Hybridisierungsgrad nicht so hoch, wie bisher angenommen?

© Helmut Heimpel

Die Vermischung oder Hybridisierung zwischen Wildtierarten und ihren domestizierten Artgenossen wird als große Bedrohung des Artenschutzes betrachtet. Die genetische Reinheit der Europäischen Wildkatze ist beispielsweise so ein Anliegen, da diese in ihrem Verbreitungsgebiet zahlenmäßig von Hauskatzen übertroffen wird. Eine Forschergruppe des Forschungsinstituts Senckenberg in Deutschland untersuchte 1.071 Wildkatzenexemplare anhand von Haarproben und Verkehrsopfern, die in den stark zerstückelten Wäldern des westlichen Mitteleuropas – in Deutschland und Luxemburg – gesammelt wurden, um die Einkreuzung in die Wildkatzenbestände in menschlich geprägten Landschaften zu beurteilen. Sie wandten dabei eine neue, genauere Untersuchungsmethode mit sog. SNPs (gesprochen „Snips“) an. Dabei werden im Erbgut bestimmte Einzelpositionen molekulargenetisch untersucht, um Mischlinge zu identifizieren. Diese Methode ist wesentlich treffsicherer als die bisher angewandte mit Mikrosatelliten-Markern.

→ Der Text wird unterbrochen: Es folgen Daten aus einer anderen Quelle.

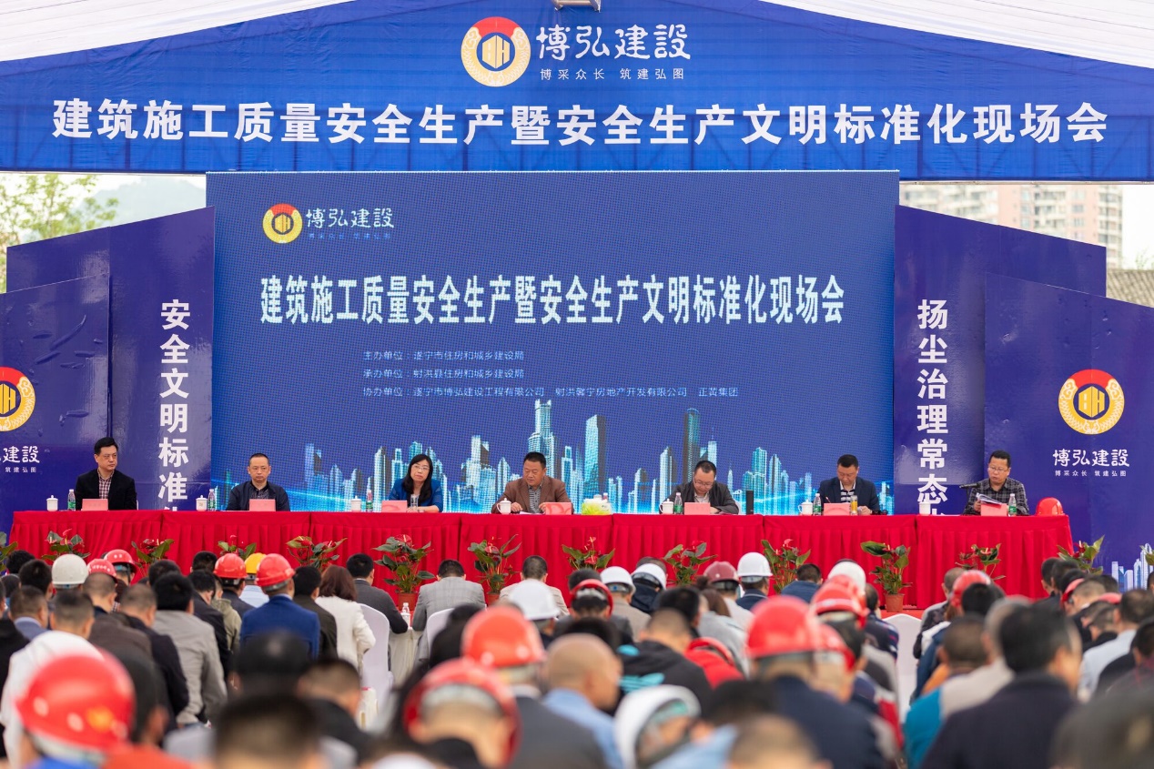 4月11日,由遂寧市住房和城鄉(xiāng)建設(shè)局主辦,射洪縣住房和城鄉(xiāng)建設(shè)局協(xié)辦的“2019年全市建筑施工質(zhì)量安全生產(chǎn)暨安全生產(chǎn)文明施工標(biāo)準(zhǔn)化觀摩會”,由射洪馨寧公司開發(fā)、遂寧市博弘建設(shè)工程有限公司(以下簡稱博弘建司)承建的“正黃·金域香江”項目施工現(xiàn)場順利召開。遂寧市住建局黨委書記敬茂軍、射洪縣副縣長鄒清、射洪縣住建局局長王彬、遂寧市質(zhì)量安全監(jiān)督站站長周杰等相關(guān)領(lǐng)導(dǎo)親臨現(xiàn)場并做重要講話,全市二級以上施工單位共700多名同行參加了此次觀摩會。

Die Analysen ergaben eine niedrige Erbgut-Vermischungsrate von nur 3,5 % der Wildkatzen, die genetische Anteile von Hauskatzen zeigten. Die neuen Ergebnisse zeigen klar, dass die hohe Hybridisierungsrate, die für Mitteleuropa in früheren einzelnen Studien ausgewiesen wurde, vielleicht auf eine ungeeignete Auswahl von Markern und/oder einen unzureichenden Beprobungsumfang zurückzuführen ist. Die neue Studie zeigt, dass die SNP-Methode eine sehr zuverlässige Erkennung von Hybriden ermöglicht und als Alternative zu bisher häufig angewendeten Mikrosatelliten-Markern verwendet werden kann. Die niedrigen Hybridisierungsraten bei Wildkatzen und Hauskatzen zeigen, dass eine Koexistenz von verwandten Arten auch in einer menschlich geprägten, fragmentierten Landschaft möglich ist.